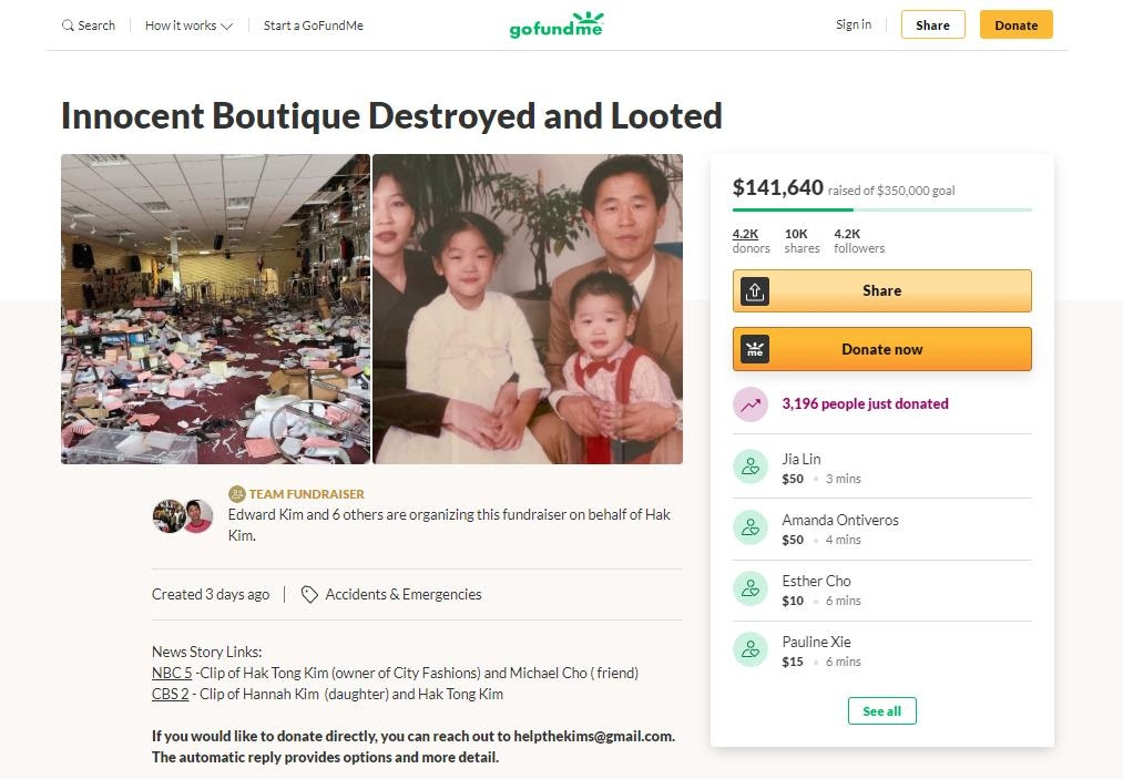 김씨는 피해 규모가 35만달러에 달한다고 밝혔다. 하지만 현재 법적 책임 보험만 가입된 상태여서 피해 보상을 받을 길이 없다. 김씨는 “얼마 전 보험금 청구를 한 번 했더니 보험료가 3배나 뛰었다. 억울한 생각이 들어 최근 보험을 해지하고 보험사를 바꾸려는 과정에서 생각지도 못하게 사고가 닥쳤다”고 설명했다. 망연자실해 있는 김씨를 위해 두 자녀가 나서 지역사회에 사연을 알렸고, 지인들과 함께 모금운동을 시작했다. 김씨의 안타까운 사연은 현지 방송에 소개되기도 했다. 김씨는 “모금 사이트에 올라온 응원 메시지들을 하나씩 읽어가는 데 정말 고마워 눈물이 다 났다”면서 “많은 이들이 자기 일처럼 가슴 아파했고, 매장을 다시 열 수 있도록 의지를 북돋으려 했다”며 감동을 전했다. 그는 “가족 누구도 모르는 사람들이 거액의 기부금을 선뜻 내놓는 걸 보고 놀라기도 했다. 짧은 시간에 그렇게 많은 성금이 모일 줄은 상상도 못 했다”고 부연했다. 이어 이번 폭동의 피해로 타격을 입은 한인업주들이 생각보다 많다면서 “그들에게도 관심과 성원이 닿을 수 있기를 바란다”고 말했다.
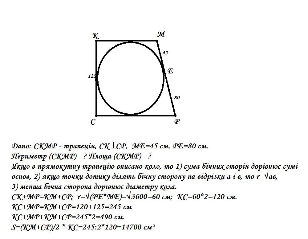 Потрібно знайти периметр і площу прямокутної трапеції, якщо поточна точка дотику її вписаного кола ділить її бічну сторону на відрізки 45 і 80 см.!!!!!!!!
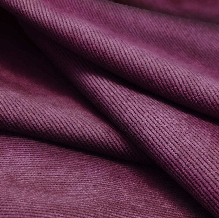 La tela base de este tejido es una Pana Aterciopelada - Dublin compuesta por 85% poliéster, 12% poliamida y 3% elastano, con un gramaje de 280 gr/m2 y un ancho de 150 cm. El color liso impreso es Morado Berenjena con un CMYK de 60 93 36 45, impreso a una sola cara por impresión digital textil. Esta tonalidad evoca el misterio y la profundidad de la noche, aportando tranquilidad y sofisticación a la pieza confeccionada. El color combina especialmente bien con tonos claros como el beige, el crudo, el lila y el turquesa, creando una estética armoniosa y elegante.
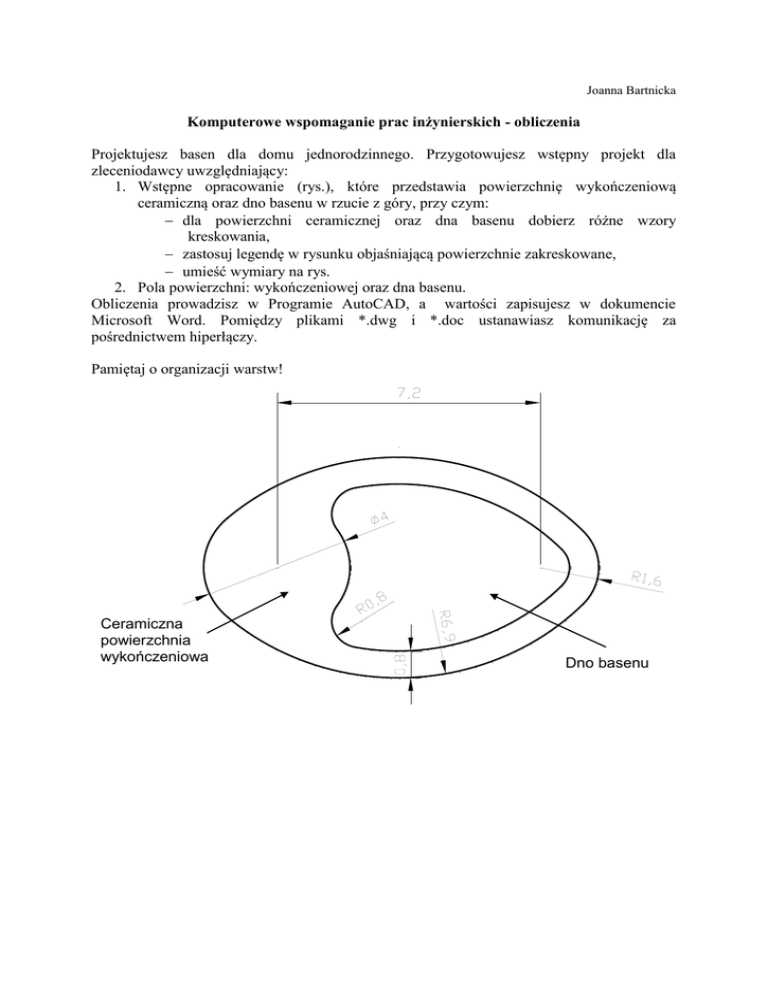 Joanna Bartnicka Komputerowe wspomaganie prac inżynierskich - obliczenia Projektujesz basen dla domu jednorodzinnego. Przygotowujesz wstępny projekt dla zleceniodawcy uwzględniający: 1. Wstępne opracowanie (rys.), które przedstawia powierzchnię wykończeniową ceramiczną oraz dno basenu w rzucie z góry, przy czym: dla powierzchni ceramicznej oraz dna basenu dobierz różne wzory kreskowania, zastosuj legendę w rysunku objaśniającą powierzchnie zakreskowane, umieść wymiary na rys. 2. Pola powierzchni: wykończeniowej oraz dna basenu. Obliczenia prowadzisz w Programie AutoCAD, a wartości zapisujesz w dokumencie Microsoft Word. Pomiędzy plikami *.dwg i *.doc ustanawiasz komunikację za pośrednictwem hiperłączy. Pamiętaj o organizacji warstw! Ceramiczna powierzchnia wykończeniowa Dno basenu
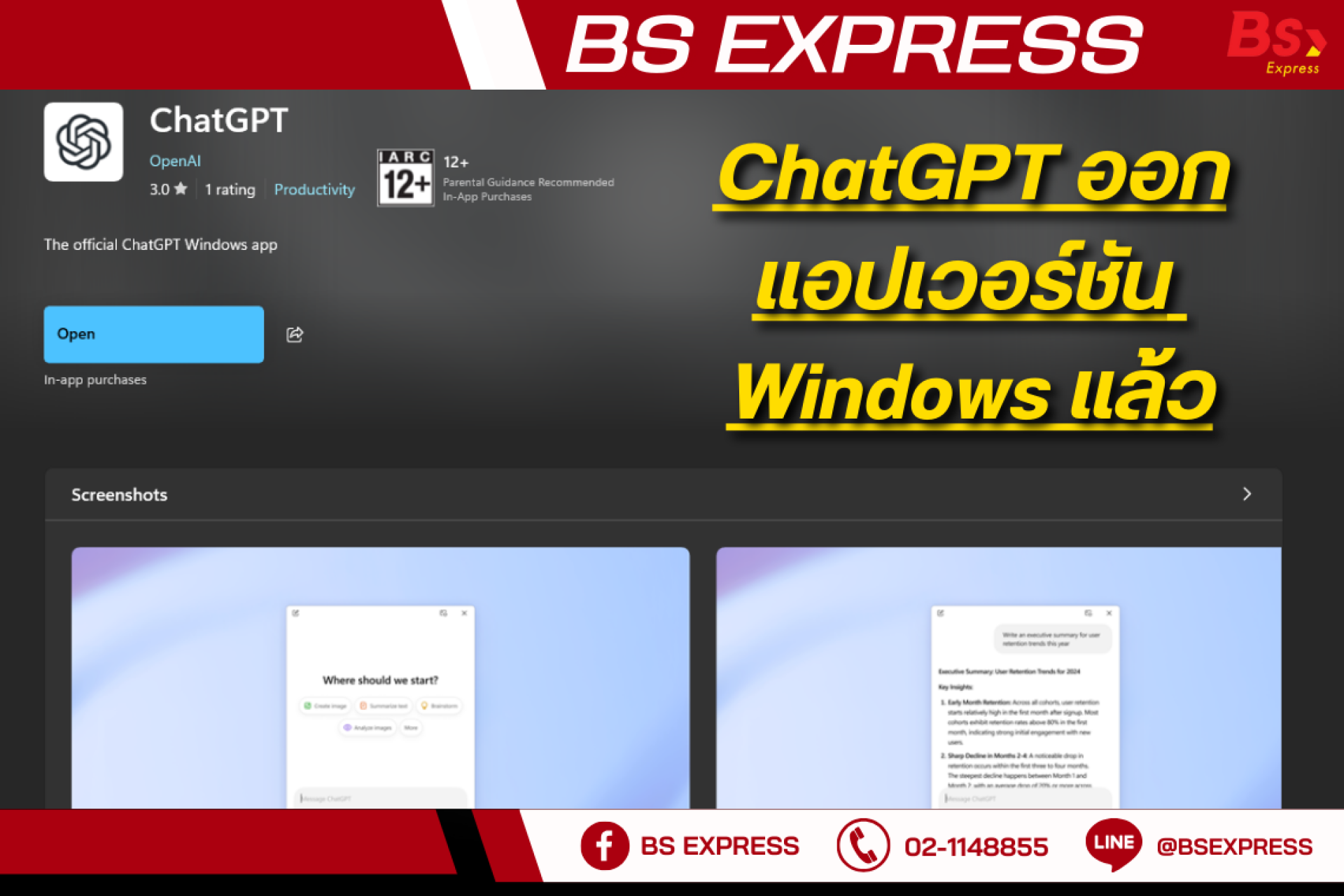 ChatGPT เวอร์ชัน Windows นี้ ยังอยู่ในสถานะทดสอบ รองรับเฉพาะผู้ใช้งานแบบเสียเงิน (Plus, Team, Enterprise, Edu) สามารถดาวน์โหลดได้ผ่าน Microsoft Store โดยบริษัทมีแผนให้แอปใช้งานได้ทุกคนภายในปีนี้
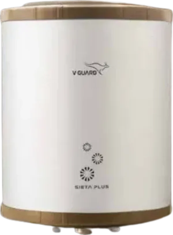 The V-Guard Sieta Plus 15L Storage Water Geyser is a Storage water geyser. Capacity: 15 L. Energy rating: 5 star. Brand: V-Guard.
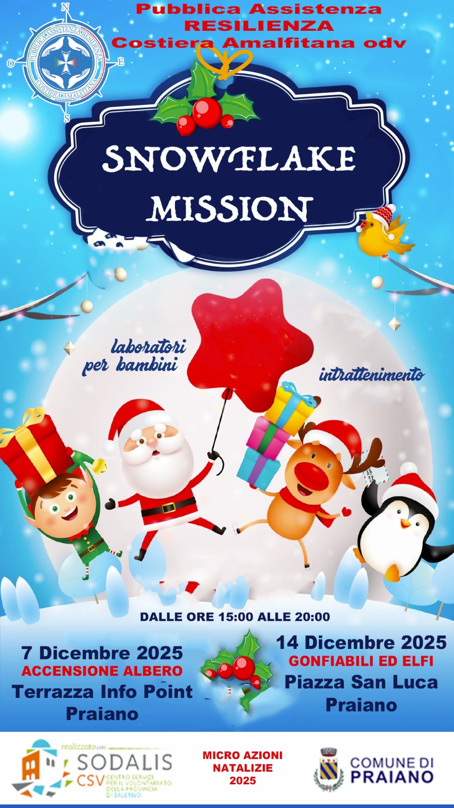 La Pubblica Assistenza Resilienza Costiera Amalfitana ODV e Sodalis CSV Salerno, in collaborazione con il Comune di Praiano, nell’ambito delle Micro Azioni Natalizie (M.A.N.) 2025, lanciano la “Snowflake Mission”: due giornate interamente dedicate all’intrattenimento, alla magia del Natale e ai bambini della Costiera.
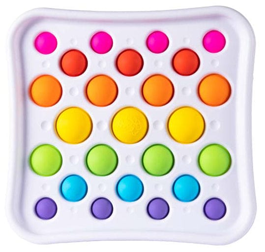 Built into the strong, high-quality plastic frame are 25 dimpl™ bubbles in four different sizes just waiting to be pushed, poked, and popped again and again.
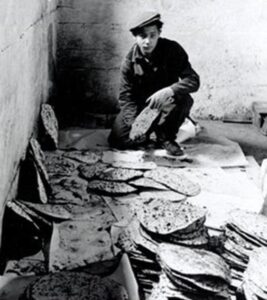 A Jewish boys helps bake matzah in a DP camp in Austria
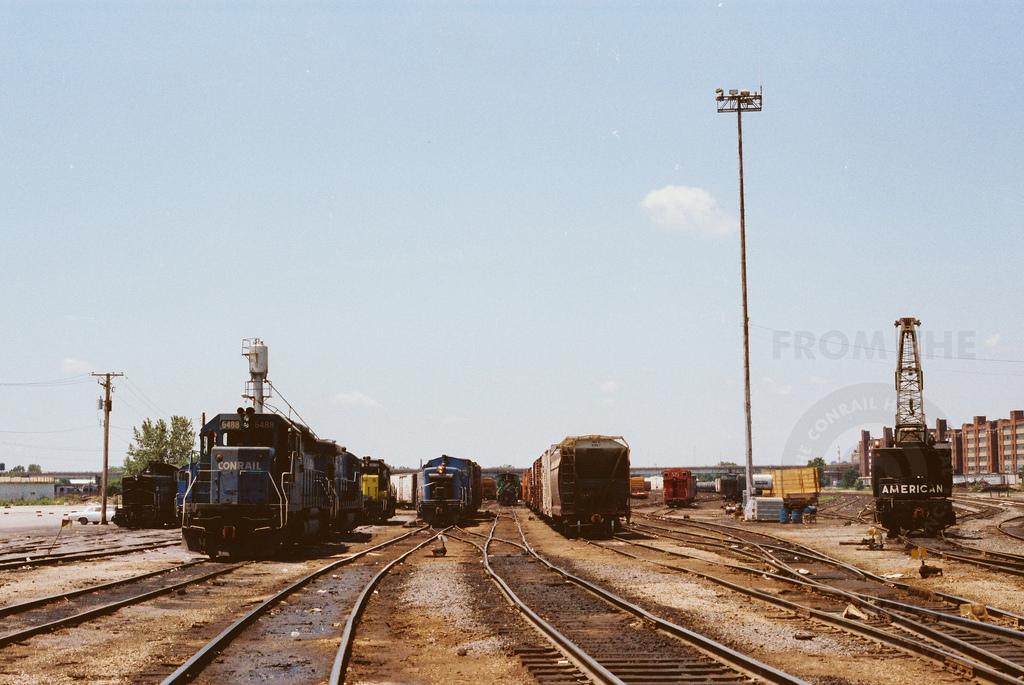 Conrail's "Chicago Junction" Ashland Avenue Yard in July 1983. View looking west at Ashland Avenue. The engine terminal is to the left. Doug Davidson photo with permission
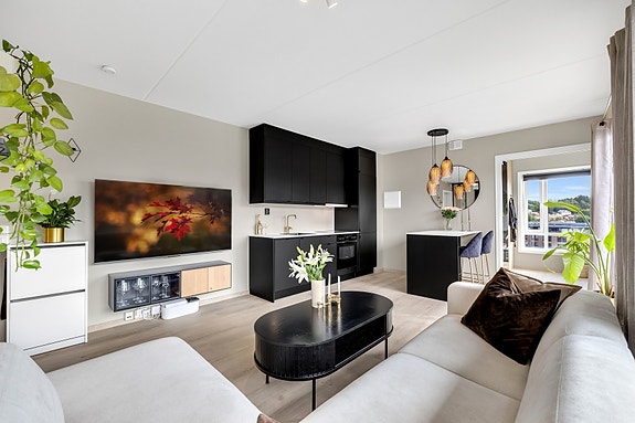 Leiligheten må sies å ha en av Solsidens beste beliggenheter; her ligger du vestvendt til i 8. etasje med glimrende sol- og utsiktsforhold, og store vindusflater bidrar til den luftige og helt spesielle atmosfæren.
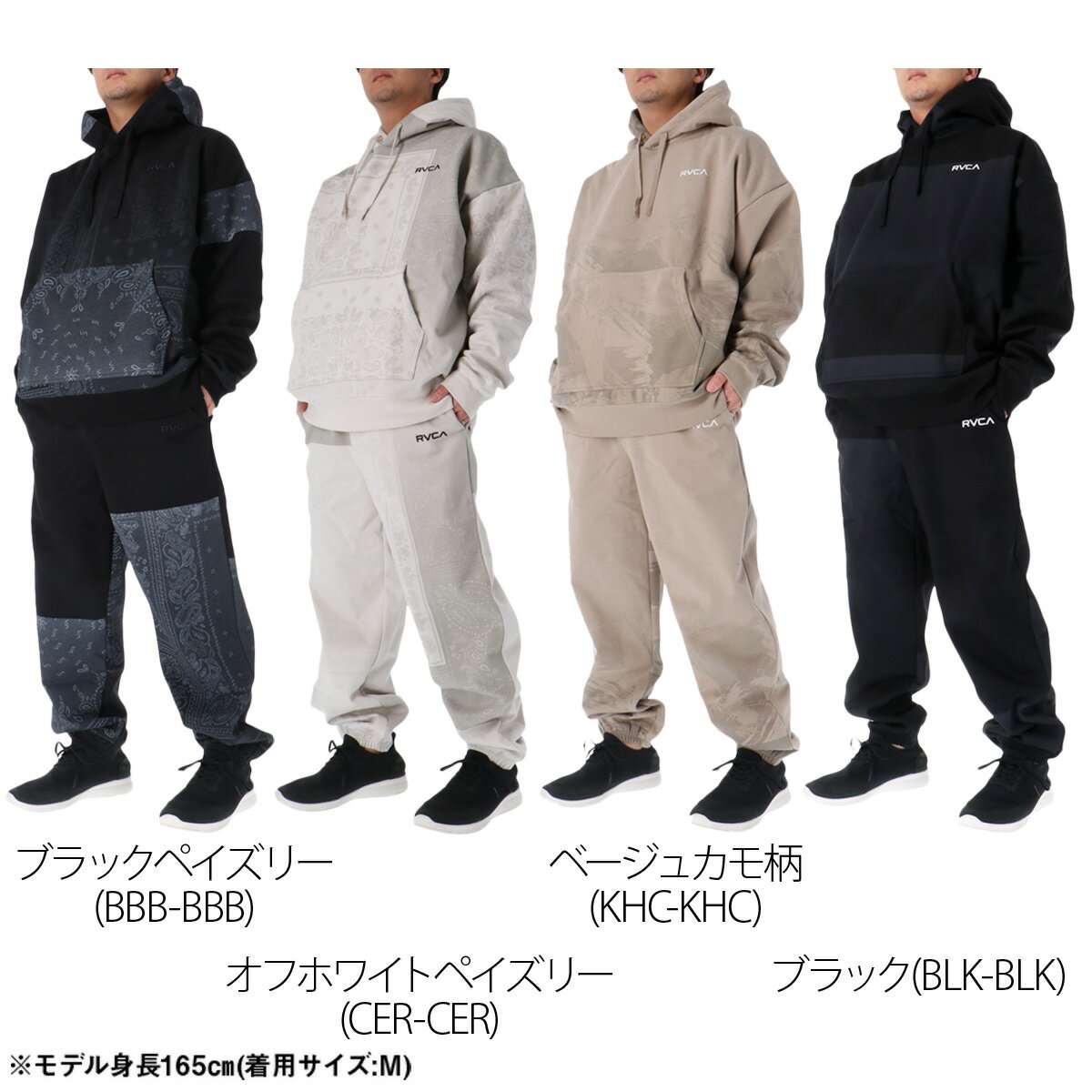 ルーカ スウェット 上下 メンズ セットアップ ブランド RVCA BF042014 フード付き フーディ プルオーバー 裏起毛 裏フリース 防風 はっ水 撥水 ストレッチ ペイズリー バンダナ柄 ゆったり 新作 上下セット 大きいサイズ 有 スポーツウェア トレーニングウェア スポーツ
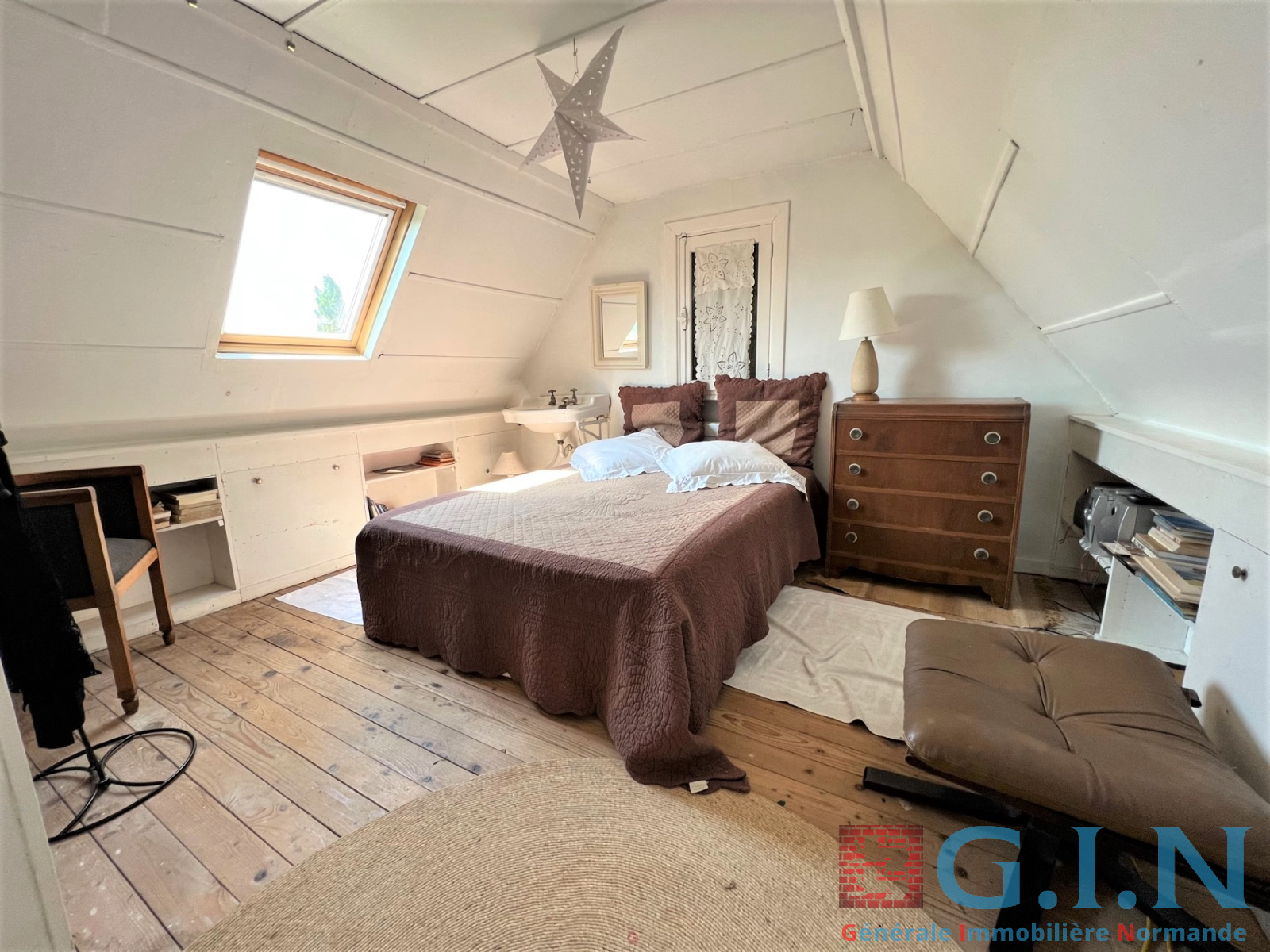 -2ème étage : grande pièce à usage de salle de jeux (chambre possible), chambre avec coin toilette (lavabo)
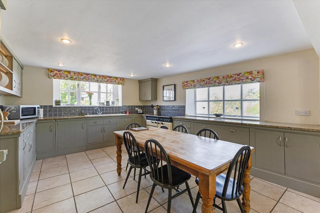 On the first floor the principal bedroom with en suite bath/shower room, has superb views over farmland to wooded hills. There are three further double bedrooms and family bath/shower room.
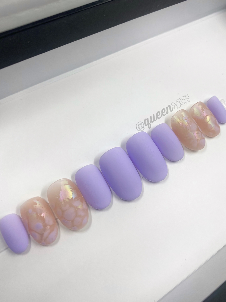 Step up your mani game with these Frosted Venetian Glass-style press-on nails! Crafted to look like a classic glass-making technique, they'll adorn your fingers with a subtle, matte finish. With an iridescent hint of sparkle, they'll instantly make your nails pop - without all the fuss of a salon manicure!
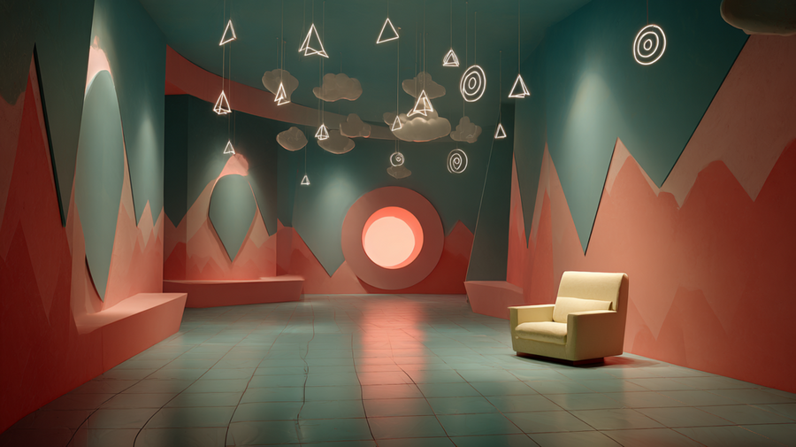 Midjourney: A flat color dream chamber: dark teal floor and ceiling, coral pink fog rendered as soft polygonal layers. Fiber optic stars are sharp white triangles and circles floating above. Mirrors on the walls show stylized alternate selves as simple coral silhouettes with spiral eyes. A single cream armchair faces a glowing coral orb. All objects have clean outlines, no shading. Geometric aesthetic. —version 7 —aspect 16:9
-*-*-
Starting at the line containing "Потрібно знайти периметр" and stopping at the line containing "The V-Guard Sieta", output each line exactly as it appears above. Leave out the pictures.

 Потрібно знайти периметр і площу прямокутної трапеції, якщо поточна точка дотику її вписаного кола ділить її бічну сторону на відрізки 45 і 80 см.!!!!!!!!
 La tela base de este tejido es una Pana Aterciopelada - Dublin compuesta por 85% poliéster, 12% poliamida y 3% elastano, con un gramaje de 280 gr/m2 y un ancho de 150 cm. El color liso impreso es Morado Berenjena con un CMYK de 60 93 36 45, impreso a una sola cara por impresión digital textil. Esta tonalidad evoca el misterio y la profundidad de la noche, aportando tranquilidad y sofisticación a la pieza confeccionada. El color combina especialmente bien con tonos claros como el beige, el crudo, el lila y el turquesa, creando una estética armoniosa y elegante.
 Joanna Bartnicka Komputerowe wspomaganie prac inżynierskich - obliczenia Projektujesz basen dla domu jednorodzinnego. Przygotowujesz wstępny projekt dla zleceniodawcy uwzględniający: 1. Wstępne opracowanie (rys.), które przedstawia powierzchnię wykończeniową ceramiczną oraz dno basenu w rzucie z góry, przy czym: dla powierzchni ceramicznej oraz dna basenu dobierz różne wzory kreskowania, zastosuj legendę w rysunku objaśniającą powierzchnie zakreskowane, umieść wymiary na rys. 2. Pola powierzchni: wykończeniowej oraz dna basenu. Obliczenia prowadzisz w Programie AutoCAD, a wartości zapisujesz w dokumencie Microsoft Word. Pomiędzy plikami *.dwg i *.doc ustanawiasz komunikację za pośrednictwem hiperłączy. Pamiętaj o organizacji warstw! Ceramiczna powierzchnia wykończeniowa Dno basenu
 ChatGPT เวอร์ชัน Windows นี้ ยังอยู่ในสถานะทดสอบ รองรับเฉพาะผู้ใช้งานแบบเสียเงิน (Plus, Team, Enterprise, Edu) สามารถดาวน์โหลดได้ผ่าน Microsoft Store โดยบริษัทมีแผนให้แอปใช้งานได้ทุกคนภายในปีนี้
 The V-Guard Sieta Plus 15L Storage Water Geyser is a Storage water geyser. Capacity: 15 L. Energy rating: 5 star. Brand: V-Guard.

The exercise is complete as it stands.